[Record excerpts Boundary: Start]
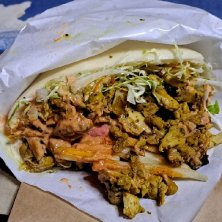 昨日(11月29日(土))の朝御飯 その① 【UberEats/エフェリフケバブ】 ①ミックスケバブサンド 900円 ビーフとチキンのミックス♪
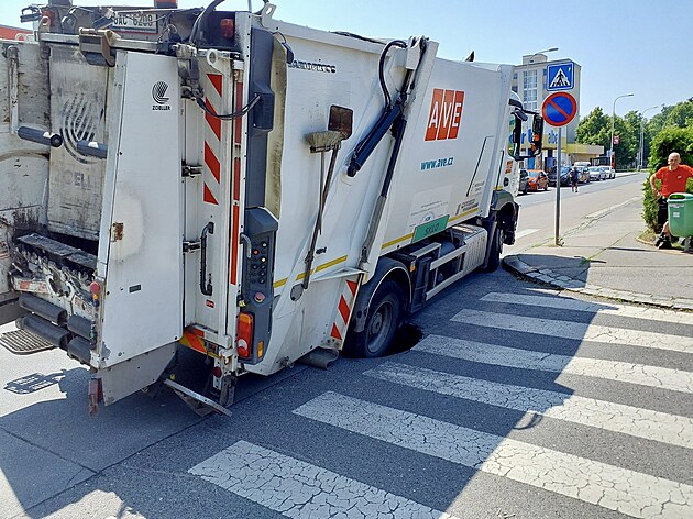 Popelářský vůz, který se propadl do vozovky v ulici K Ladví, vyprošťují hasiči pomocí automobilového jeřábu (12. června 2025)
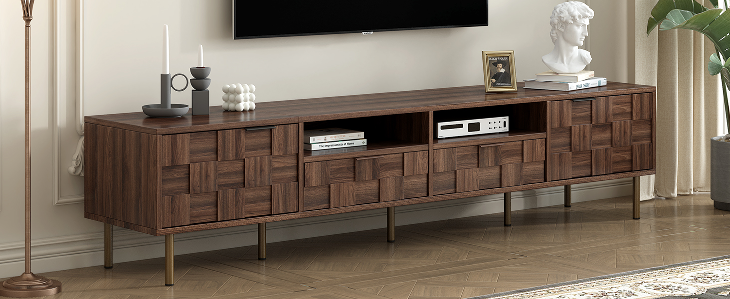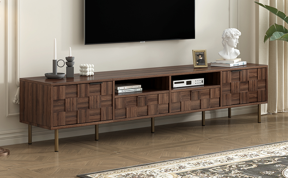 This TV cabinet is equipped with two drawers and four storage cabinets. The two closed cabinets can store seldom-used items to keep the space neat and tidy, while the two open cabinets can display your favorite ornaments or books, adding a sense of layering and visual beauty to the space.
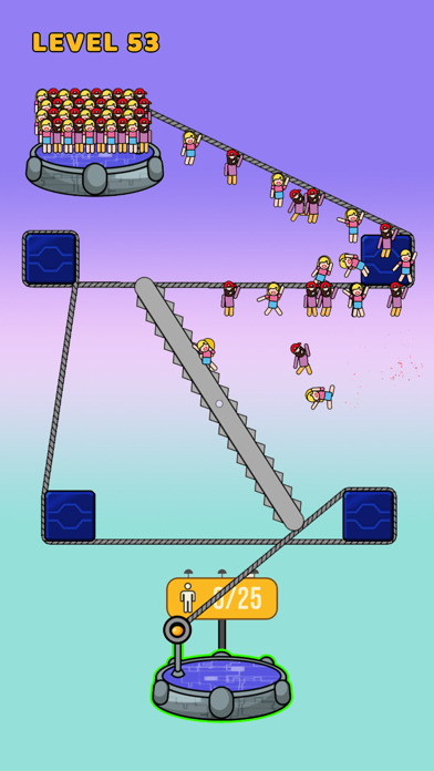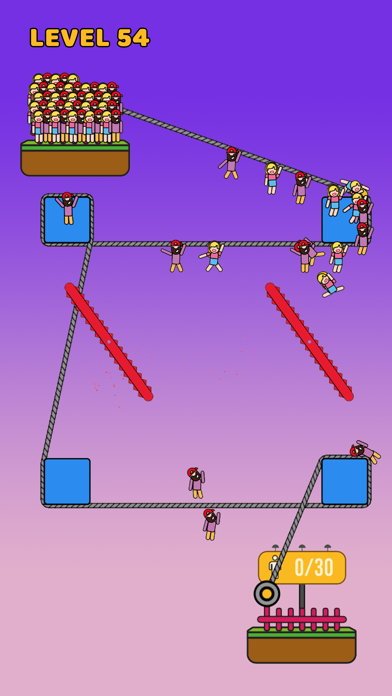 障害物に注意しながらロープをゴールにつなぎ、人々を誘導します。画面長押しで人々がロープを渡るので、タイミングが大事。ノコギリなどに当たってしまわないか、ちょっとしたスリルが味わえます。
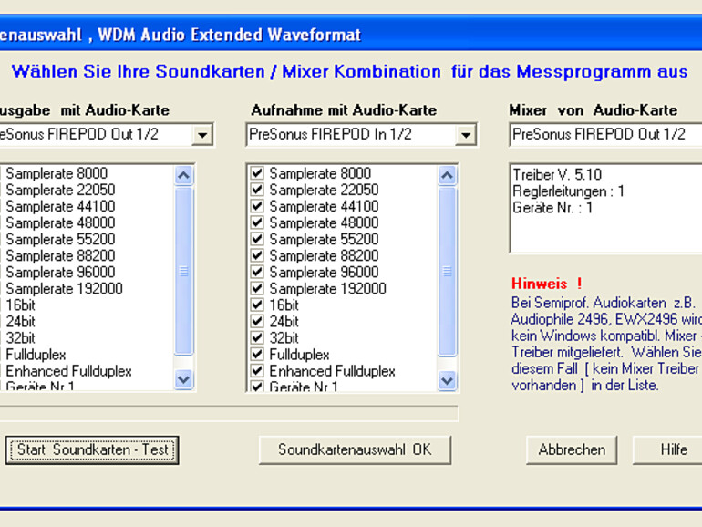 HBX.6 arbeitet mit vielen ASIO- oder WDM-fähigen Karten zusammen. Bei Programmstart erkennt die Software automatisch alle installierten Treiber und fordert den Anwender auf, die gewünschten Anschlüsse und unterstützten Samplingraten auszuwählen. Da Windows gerne ein Resampling durchführt, sollten hier nur Wortbreiten und Samplingraten angewählt werden, die von der Hardware real unterstützt werden.
[Record excerpts Boundary: End]
» **Problem to work on**
Transcribe each record exactly as it appears, but omit every picture.

» **Output below**
 昨日(11月29日(土))の朝御飯 その① 【UberEats/エフェリフケバブ】 ①ミックスケバブサンド 900円 ビーフとチキンのミックス♪
 Popelářský vůz, který se propadl do vozovky v ulici K Ladví, vyprošťují hasiči pomocí automobilového jeřábu (12. června 2025)
 This TV cabinet is equipped with two drawers and four storage cabinets. The two closed cabinets can store seldom-used items to keep the space neat and tidy, while the two open cabinets can display your favorite ornaments or books, adding a sense of layering and visual beauty to the space.
 障害物に注意しながらロープをゴールにつなぎ、人々を誘導します。画面長押しで人々がロープを渡るので、タイミングが大事。ノコギリなどに当たってしまわないか、ちょっとしたスリルが味わえます。
 HBX.6 arbeitet mit vielen ASIO- oder WDM-fähigen Karten zusammen. Bei Programmstart erkennt die Software automatisch alle installierten Treiber und fordert den Anwender auf, die gewünschten Anschlüsse und unterstützten Samplingraten auszuwählen. Da Windows gerne ein Resampling durchführt, sollten hier nur Wortbreiten und Samplingraten angewählt werden, die von der Hardware real unterstützt werden.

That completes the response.